In 2019, Nickelodeon premiered a new series in June of that year, based on the Lego City theme. The series, titled Lego City Adventures features the newly introduced named characters from the brand as they do their daily jobs in the fictional metropolis.

In 2023, Lego released a new series of shorts based on their recent 'No Limits' theming for city, releasing once a week starting in August. This series focused on a small friend group of extreme-stunt vloggers pushing their limits in the city.

Series: Season; Episodes; Originally released
First released: Last released; Network
Lego City Adventures: 1; 13; June 22, 2019; December 8, 2019; Nickelodeon Netflix
2: 10; March 8, 2020; December 12, 2020
3: 22; April 15, 2022; Netflix
4: 20; October 25, 2022; November 22, 2022; Netflix YouTube
LEGO City No Limits: 1; 24; August 23, 2023; July 31, 2026; YouTube
5: TBA; July 1, 2024

==Theme park attractions==
In 2002, a Lego City themed land was introduced to Legoland Deutschland Resort, featuring Airport, Harbour Cruise, Hyundai Legoland Driving School, Hyundai Legoland Junior Driving School, Lego Factory, Legoland Express, Power Builder and Shipyard Playground.

In 2011, a Lego City themed land was introduced to Legoland Florida, featuring Ford Driving School, Ford Jr.
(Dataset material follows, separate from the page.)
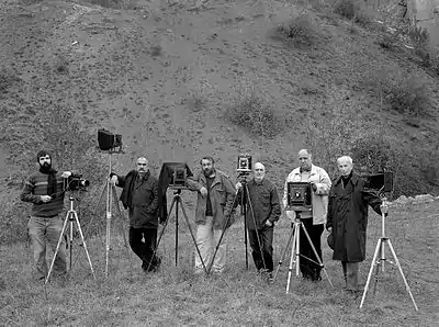 The group was founded by photographers Karel Kuklík, Jan Reich, Jaroslav Beneš and Bohumír Prokůpek in 2000. In 2002 they were joined by Tomáš Rasl and in 2003 by Petr Helbich. This is how Bohumír Prokůpek summed up the reason why these artists formed the group: "We used to meet to discuss films, photographic paper, the landscape, exhibitions, politics, girls, and life's little adventures, and because of good wine, which can make existence even more wonderful (...) What brings us together is our delight in the craft, our leisurely approach, the wonderful finality of the contact print..."[1] After the deaths of Bohumír Prokůpek and Jan Reich in 2008 and 2009, respectively, the group was dissolved even though its surviving members still occasionally exhibit their works collectively under the name of Český dřevák.

Driving School, Flying School, Boating School and Rescue Academy.

In 2012, a Lego City themed land was introduced to Legoland Malaysia Resort. The City area is designed as a miniature town with attractions and rides controlled by children. The area featuring Boating School, Driving School, Junior Driving School, Lego City Airport, Legoland Express, Rescue Academy and The Shipyard.

In 2017, a Lego City themed land was introduced to Legoland Japan Resort. Lego City is on the park's north side, with fun activities for the children and family to do together, like the Junior Driving School where children learn to drive an electric car and receive a driver's license at the end of the ride. Coast Guard HQ allows the driver to take the wheel in a gentle and relaxing boat ride. Besides showing children how to drive, the Rescue Academy offers a fun experience where teamwork is needed to put out fires. The resort also has a Lego cinema where everyone is welcome to watch Lego movies. Lego City has various places to visit such as the Studio Store, Heartlake Shop, and City Shop, each shop with a different theme. There are also three places to buy snacks or lunch, Pit Stop Juice ‘n’ Drive, Brick House Burgers and Marina Snack Shack.

In 2021, a Lego City themed land was introduced to Legoland New York a land that is made to look like a city and based on the Lego City toy theme. The area featuring Coast Guard Academy, Driving School, Fire Academy and Junior Driving School.

Lego City 4D - Officer in Pursuit was released in Legoland California Resort on 12 April 2019 and then rolled out to other Legoland Parks and Legoland Discovery Centres in 2019. It is currently located in all Legoland parks and Legoland Discovery Centres and is available at scheduled times alongside other short films, including The Lego Movie: 4D – A New Adventure and Lego Ninjago: Master of the 4th Dimension.

In November 2021, Lego City themed land was announced for the upcoming launch of Legoland Shanghai Resort in 2024.

==Reception==
In September 2016, The Lego Group reported that the Lego City, Lego Star Wars, Lego Ninjago and Lego Nexo Knights themes had delivered a turnover of DKK 15,692 million in the first half of 2016, a sales increase of 10 per cent compared with the same period in the previous year.

In March 2022, The Lego Group reported that the Lego City, Lego Technic, Lego Creator Expert, Lego Harry Potter and Lego Star Wars themes had earned for the full year of 2021. Revenue for the year grew 27 percent versus 2020 to DKK 55.3 billion and consumer sales grew 22 percent over the same period, outpacing the toy industry and driving market share growth globally and in largest markets.

On 28 September 2022, The Lego Group reported that the Lego Star Wars, Lego Technic, Lego Icons (formerly Creator Expert), Lego City, Lego Harry Potter and Lego Friends themes had earned for the six months ending 30 June 2022. Revenue for the period grew 17 percent to DKK 27.0 billion compared with the same period in 2021, driven by strong demand. Consumer sales grew 13 percent, significantly ahead of the toy industry, contributing to global market share growth.

In January 2023, Farmers Market (set number: 60345) was listed as one of "The Best Lego Sets for Kids in 2023" by IGN.

In March 2023, The Lego Group reported that the Lego City, Lego Technic, Lego Icons, Lego Harry Potter and Lego Star Wars themes had earned for the full year of 2022. Revenue for the year grew 17 percent to DKK 64.6 billion and consumer sales grew 12 percent in 2022, achieving growth in all major market groups with especially strong performance in the Americas and Western Europe.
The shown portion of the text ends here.